Blame DPRK's fifth nuke test on THAAD

By Wang Junsheng (China Daily) Updated: 2016-09-10 07:10

The Democratic People's Republic of Korea said on Friday, its 68th National Day, that it "successfully" tested a nuclear warhead in the morning. This is the fifth nuclear test conducted by Pyongyang since 2006 and the second this year. The DPRK only on Wednesday rejected a UN Security Council statement condemning its latest missile tests and threatened to take "further significant measures".

China's Ministry of Foreign Affairs has issued a statement censuring Friday's nuclear test and urging the DPRK to meet its denuclearization commitments.

In the Republic of Korea, the presidential office reportedly held a National Security Council meeting on Friday afternoon after "a seismic event" of magnitude 5.3 was detected near the DPRK's northeastern nuclear test site.

The nuclear test carried out by the DPRK on Friday should not come as a big surprise given the planned deployment of the US' Terminal High Altitude Area Defense system in the ROK. In other words, the almost confirmed deployment of THAAD, an anti-missile defense system, has prompted Pyongyang to continue its ill-designed foreign policy.

Judging by its latest nuclear test, the DPRK still stands firm on its strategic misreading, believing that by developing nuclear weapons it will pressure the United States to respond to its concerns. That also explains why the DPRK has conducted missile tests this year even though THAAD might not necessarily pose a major threat to it.

Besides, a nuclear test on the 68th National Day of the DPRK also has a noteworthy political implication - that top leader Kim Jong-un will keep expanding the country's nuclear arsenal.

But it does not suggest the situation on the Korean Peninsula is out of control, because Pyongyang's nuclear efforts usually follow US and ROK military moves.

China is determined to divert this trajectory toward a peaceful direction. But admittedly, China's strategic choices in the face of a rising nuclear threat in the neighborhood are limited because of the geopolitical complexity and the denuclearization process may take five to 10 years to complete. So Beijing has been urging all parties concerned to make more concerted efforts to becalm the ensuing turbulence.
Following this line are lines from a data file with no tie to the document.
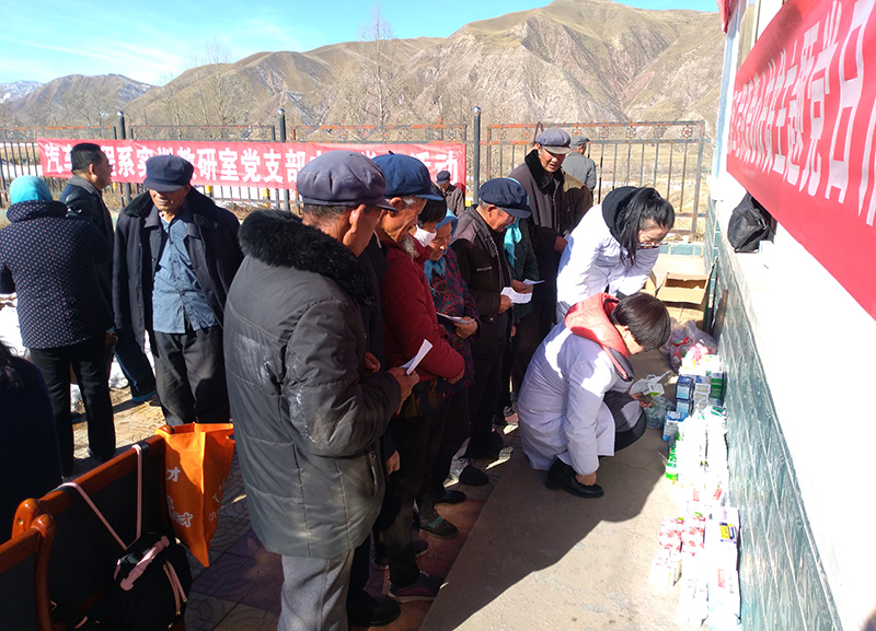 到達(dá)目的地后,黨員們不顧辛勞,分成兩組,一組由護(hù)理系黨總支書記張建輝帶領(lǐng)前往臥病在床的扶貧對(duì)象家里,親切詢問病情及家里近況,送上常備藥品。另一組在當(dāng)?shù)卮宀窟M(jìn)行義診活動(dòng),醫(yī)護(hù)人員仔細(xì)給村民們進(jìn)行體檢,耐心解答、細(xì)心診治;對(duì)前來問診的村民認(rèn)真進(jìn)行血壓、血糖、丙肝等項(xiàng)目的檢測(cè)、免費(fèi)發(fā)放藥品并對(duì)糖尿病、高血壓等慢性病的飲食、活動(dòng)和用藥進(jìn)行指導(dǎo),普及衛(wèi)生常識(shí)和健康知識(shí)。醫(yī)護(hù)人員的精心服務(wù)讓村民們倍感欣慰,受到了他們的熱烈歡迎和一致稱贊。
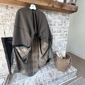 Zip the liner in for added warmth or remove to display the ever so elegant and timeless Novacheck print. See image two for jacket with liner zipped in. Image 3 shows the amazing yardage of gorgeous Novacheck that hides underneath liner. Main image shows the jacket with the liner fully removed.
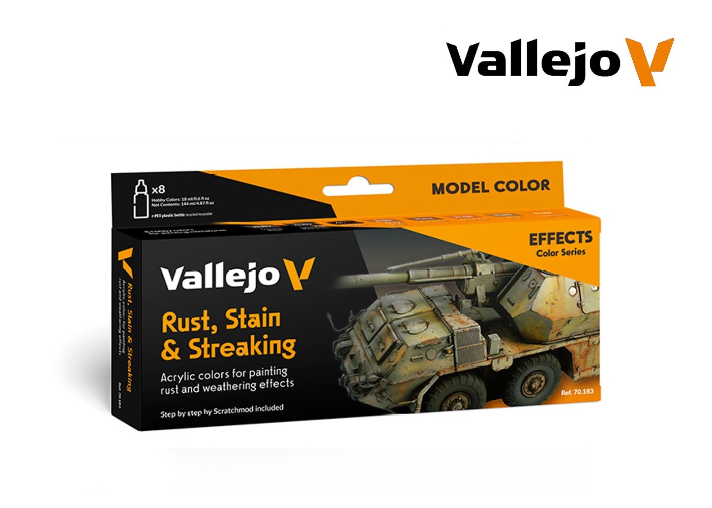 This Vallejo paint set contains 8 carefully selected colours designed to reproduce realistic weathering effects, including rust stains, streaking, peeling, and surface wear caused by exposure. Perfect for adding depth and realism to vehicles, scenery, and dioramas, it combines Model Color, Model Air, and Wash FX paints.
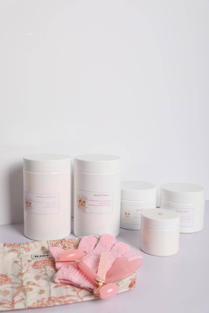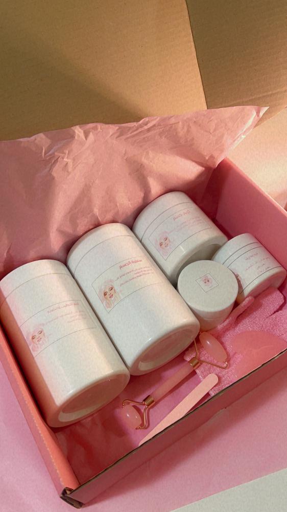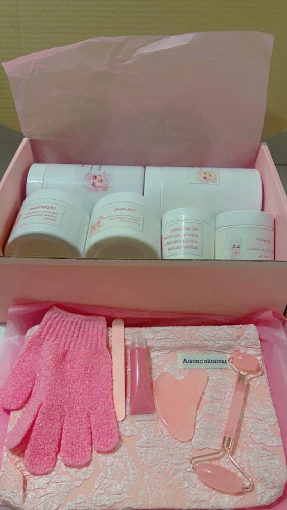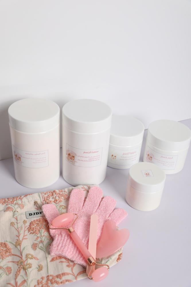 كريم الترطيب العالي جدا والنضاره الطاغيه والنظافه لك بعد كل شاور .. عبوة المقشر مهمه لابعد درجه اجباريه وهي المرحله الاولى اذا في بقع وتصبغات طويلة المدى واثار الحبوب والنمش والحروق القديمه يخلي الجسم مع الوجه ورديااات
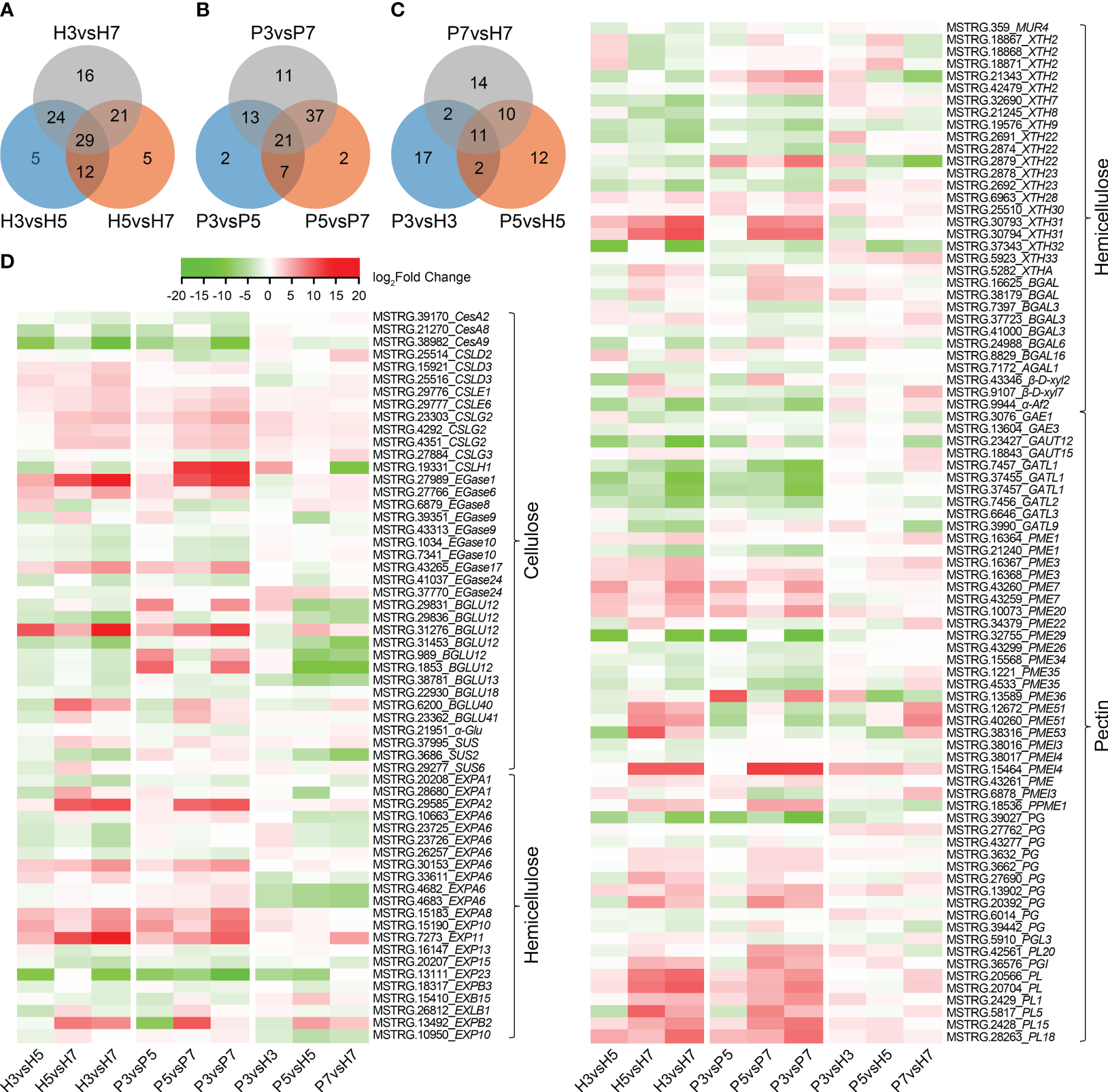Heatmap display of DEGs involved in cell wall metabolic pathways in Chinese cherry fruits. (A, B) Venn diagram of DEGs for comparisons between different developmental stages in Hongfei and Pengzhoubai varieties (comparison I). (C) Venn diagram of DEGs for comparisons between Hongfei and Pengzhoubai at three developmental stages (comparison II). (D) Heatmap of DEGs related to cellulose, hemicellulose, and pectin metabolic pathways. The color scale indicates expression levels as log2fold-change values for comparison groups. CesA/CSL, cellulose synthase A/like protein; EGase, endoglucanase; BGLU, β-glucosidase; SUS, sucrose synthase; α-Glu, α-glucosidase; EXP, expansin; MUR, UDP-arabinose 4-epimerase; XTH, xyloglucan endotransglucosylase/hydrolase; BGAL, β-galactosidase; β-D-xyl, β-D-xylosidase; AF, α-L-arabinofuranosidase 2; GAE, UDP-glucuronate 4-epimerase; GAUT, galacturonosyltransferase; PME, pectinesterase; PG, polygalacturonase; PL, pectate lyase.
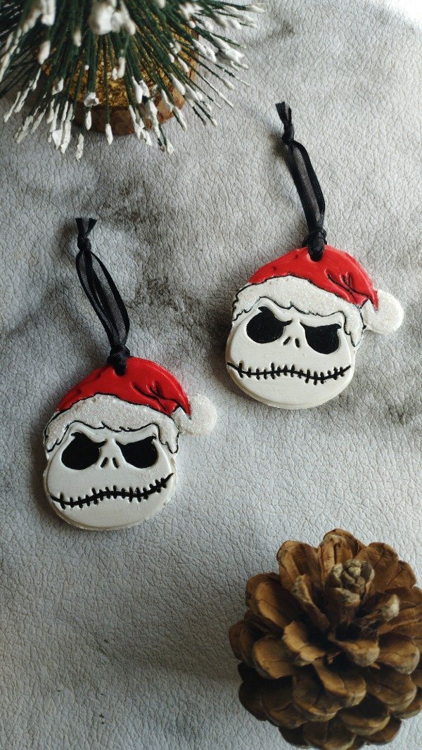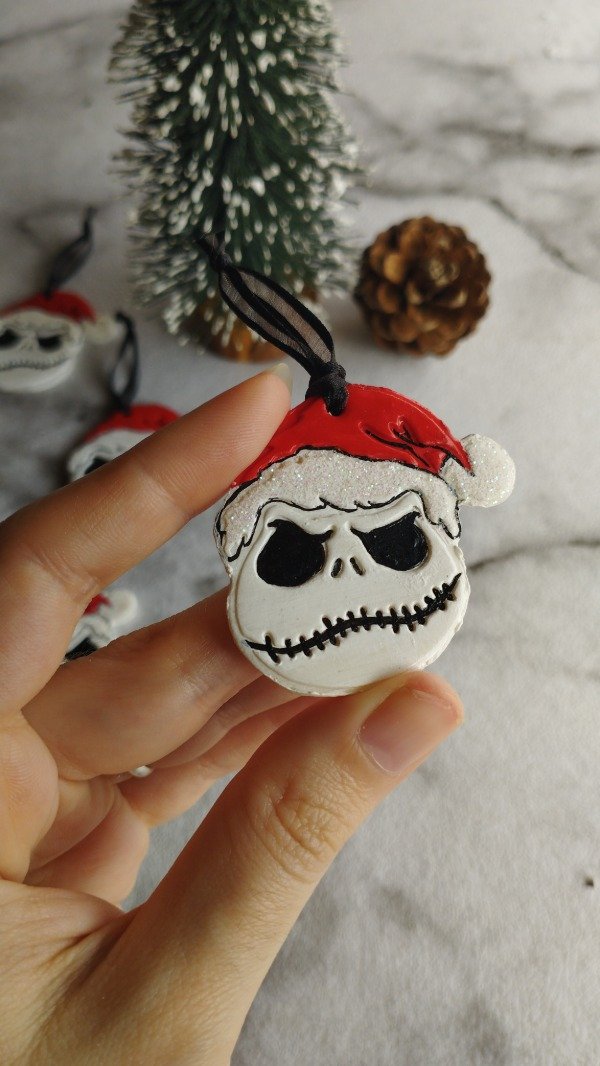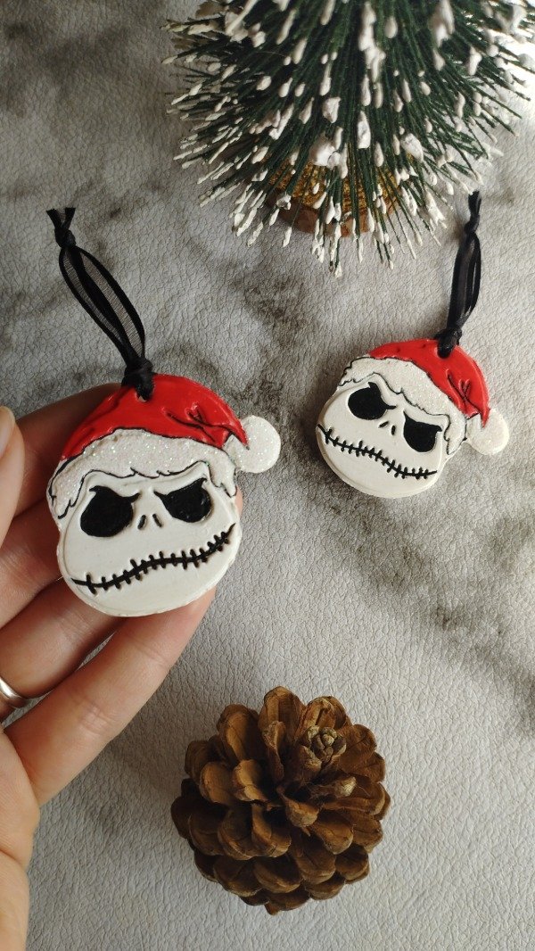 Diseños realizados con porcelana fría, detalles en acrílico y barniz. Cada uno lleva una cinta decorativa para colgar en el arbolito.
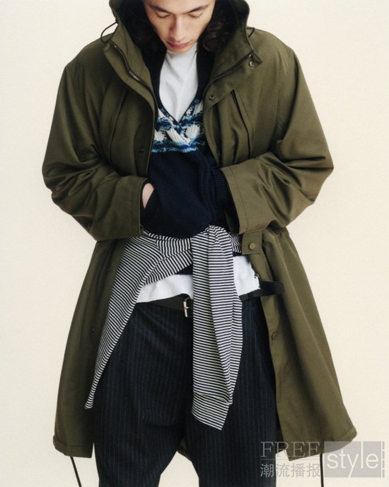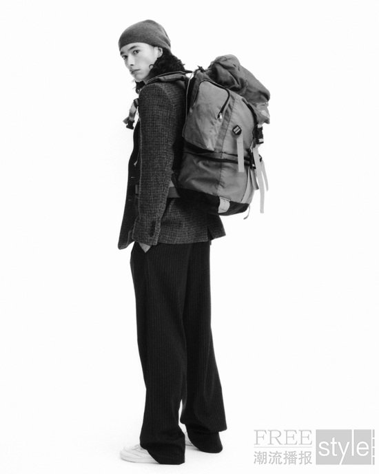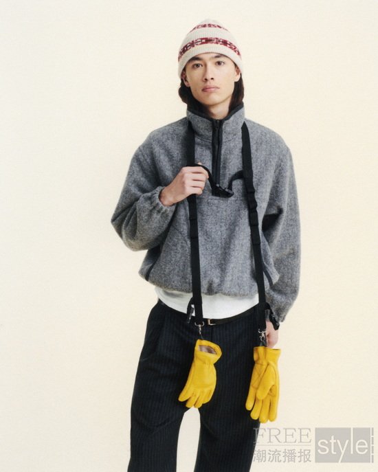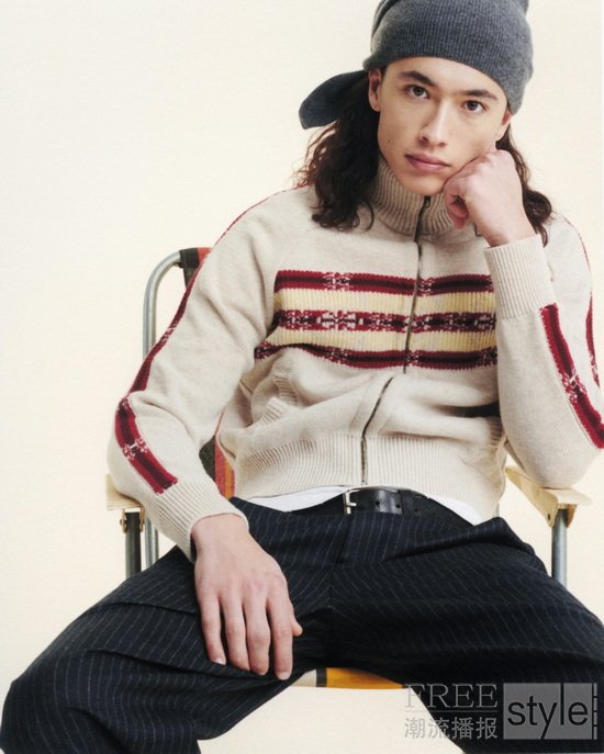 本季作品的廓形亦延展出一段段跨越地域的旅程。卡其色超细防水面料被赋予四种风格,以适应不同气候环境:短款 Clip 防风夹克、长款 Storm 派克大衣、轻量填充的 Alpine 套头夹克,以及廓形饱满的 Bomber 飞行员夹克。Yacht 夹克以高耸衣领与宽大兜帽呼应水上旅途,勾勒出航行语境下的功能美学。Alpine 夹克与针织帽的图案灵感源自中亚地毯的古老韵律,而Half-Zip套头衫则延续徒步者与城市旅人常见抓绒上衣的经典轮廓,并以奢华羊毛材质重新演绎。

Washington and Seoul, in particular, should sincerely rethink their decision to install THAAD on the peninsula and review their other strategic mistakes that have prompted Pyongyang to make the wrong steps.

A vicious cycle is in the making between the US and the ROK on one side and the DPRK on the other, which can make peaceful reunification of the peninsula even more unlikely. In fact, if tensions continue to rise on the peninsula, the DPRK and the ROK will eventually be the worst victims.

The peninsula policies adopted by the US and the ROK are not conducive to lasting peace, as they have exhausted the very few opportunities to replace the 1953 armistice with a peace treaty.

As US President Barack Obama will leave office in four months and his ROK counterpart Park Geun-hye faces a presidential election next year, there is hope their successors (if there is one in the ROK) would make a difference and forge a permanent peace and security mechanism with China.

The author is a researcher in Asia-Pacific strategy at the Chinese Academy of Social Sciences. The article is an excerpt from his interview with China Daily's Cui Shoufeng.